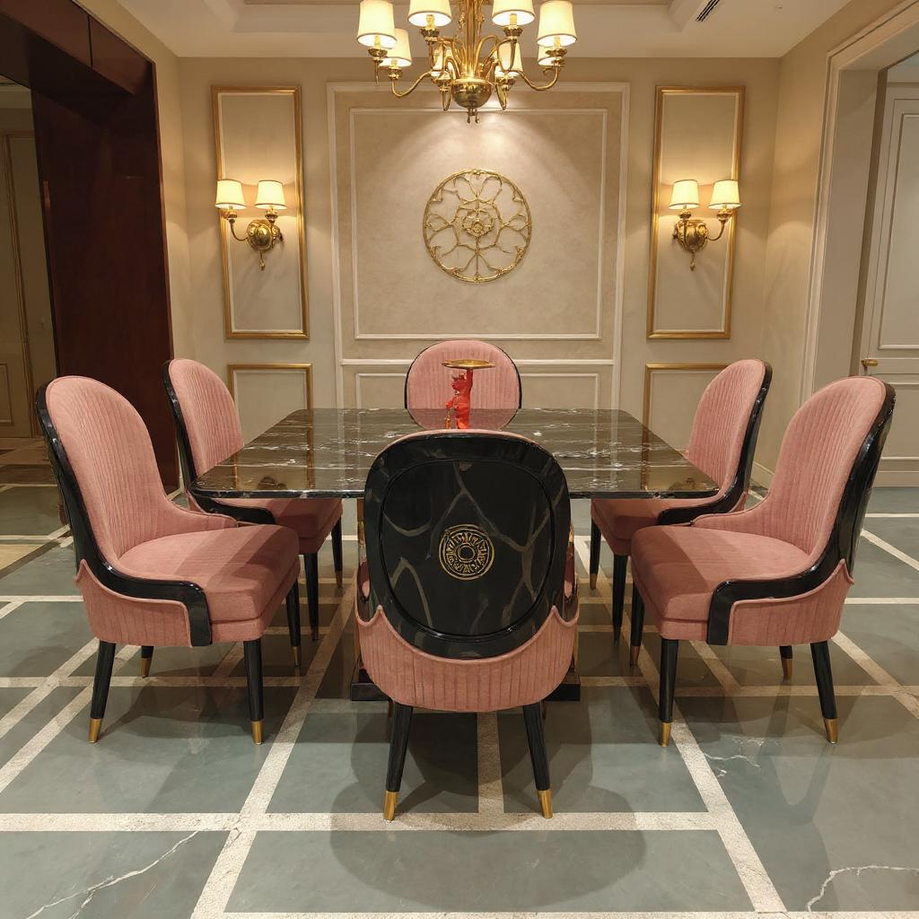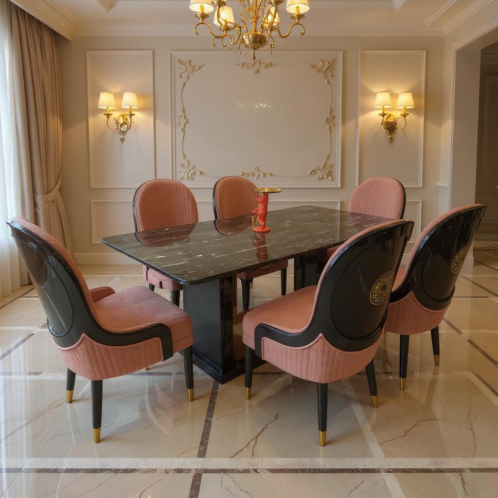 The Regal Noir Blush Dining Set elevates your dining space with a striking black marble table paired with plush blush-upholstered chairs
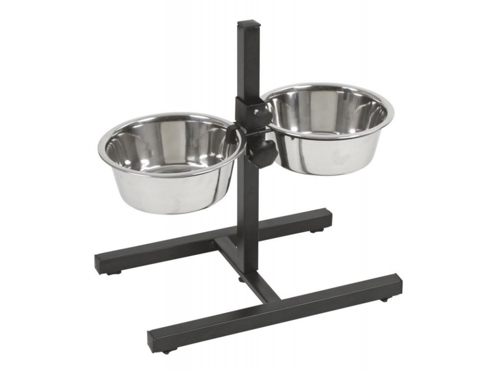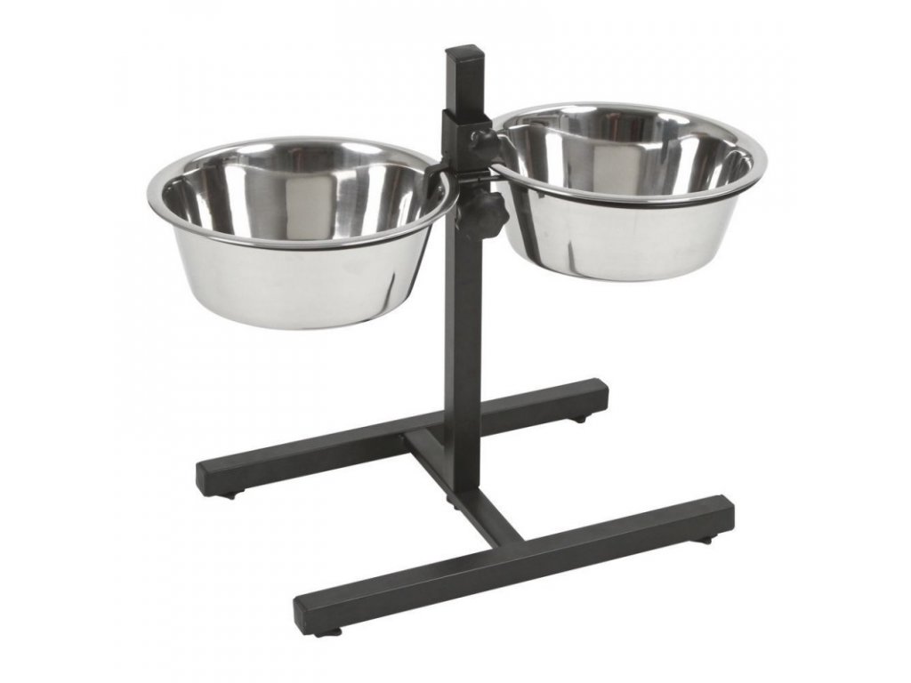 Stojan + 2 misky z nerezu, 2x2800 ml, černá
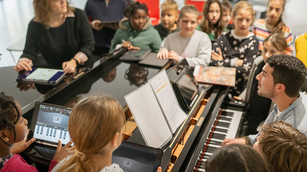 이렇듯 교사들이 색다른 학습 방식을 교실에 도입하자 학생들도 무럭무럭 성장하기 시작했습니다. 음악 시간에는 학생들이 피아노 주위에 모여 직접 연주할 곡을 Pages와 Apple Pencil로 작곡합니다. GarageBand를 활용해 악기를 연주하는 다른 반 친구들과 함께 자신만의 사운드를 만들고 녹음하기도 하죠. 코딩 수업 시간에는 iPad에서 CoSpaces Edu를 활용해 3D 콘텐츠를 만들고, Swift Playground로 AR 및 VR 환경에서 애니메이션을 제작합니다.
__________________________________________________
Your objective
Word for word, restate the lines from the one containing "Stojan + 2 misky z nerezu, 2x2800 ml, černá" through the end of the listing, and nothing more. Skip the pictures.

Task output
 Stojan + 2 misky z nerezu, 2x2800 ml, černá
 이렇듯 교사들이 색다른 학습 방식을 교실에 도입하자 학생들도 무럭무럭 성장하기 시작했습니다. 음악 시간에는 학생들이 피아노 주위에 모여 직접 연주할 곡을 Pages와 Apple Pencil로 작곡합니다. GarageBand를 활용해 악기를 연주하는 다른 반 친구들과 함께 자신만의 사운드를 만들고 녹음하기도 하죠. 코딩 수업 시간에는 iPad에서 CoSpaces Edu를 활용해 3D 콘텐츠를 만들고, Swift Playground로 AR 및 VR 환경에서 애니메이션을 제작합니다.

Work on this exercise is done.